New Museum presents Shock and Awe: Painting Violence

November 9, 2020
Peter Saul, Washington Crossing the Delaware, 1975. Oil on canvas. 89 x 150 1/2 in. Photography by Farzad Owrang. Collection KAWS.

Featuring curators Lucy Lippard and Peter Eleey and art historian David McCarthy, this panel—moderated by Kraus Family Curator Gary Carrion-Murayari—will take its cues from Peter Saul’s use of shock to consider art that delves headfirst into injustice, war, and oppression.

Please register via Zoom for this online program here.

Peter Eleey is the Chief Curator of MoMA PS1, which he joined in 2010. Eleey most recently co-organized Theater of Operations: The Gulf Wars 1991–2011 with Curator Ruba Katrib.
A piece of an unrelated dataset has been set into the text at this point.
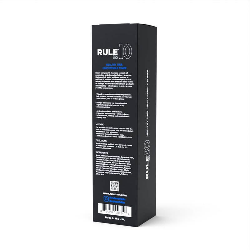 Combat thinning, hair loss, and greys with our advanced shampoo —- Rule No. 10 Grey Reducing Shampoo! Restore Color & Revive Shine Powered by Greyverse, this shampoo naturally reduces greys and revitalises your hair’s natural colour. Antioxidant-rich argan oil hydrates deeply, while biotin boosts thickness and volume for radiant hair. Fight Thinning, Strengthen Hair Block DHT and combat hair loss with saw palmetto extract. Paired with argan oil, it improves elasticity and strengthens strands, leaving hair fuller, healthier, and more resilient. Boost Growth from the Roots Caffeine-infused to energise hair follicles and stimulate scalp circulation, this shampoo creates the ideal environment for enhanced growth, thicker strands, and stronger roots. Effortless Care, Visible Results Apply 3-4 times weekly, leaving on for 2-3 minutes to activate its powerful ingredients. Rinse thoroughly and adjust usage for personalised, long-lasting results. No Fillers, All Results Achieve healthier, fuller hair with every wash. This shampoo restores color, fortifies follicles, and enhances volume without unnecessary additives. Grab a bottle now and take the first step to vibrant, confident hair!

Lucy R. Lippard is a writer, activist, sometime curator, and author of 25 books on contemporary art and cultural criticism, including The Lure of the Local: Senses of Place in a Multicentered Society (1997), Down Country: The Tano of the Galisteo Basin, 1250-1782 (2010), Undermining: A Wild Ride through Land Use, Politics, and Art in the Changing West (2014), and most recently Pueblo Chico: Land and Lives in Galisteo Since 1814 (2020). She has co-founded various artists’ organizations and publications. She lives off the grid in rural Galisteo, New Mexico, where for 24 years she has edited the monthly community newsletter El Puente de Galisteo.

David McCarthy is a professor of art history at Rhodes College. He is the author of The Nude in American Painting, 1950–1980 (1998); Pop Art (2000); H. C. Westermann at War: Art and Manhood in Cold War America (2004); American Artists Against War, 1935–2010(2015); and numerous essays about American art of the mid-twentieth century.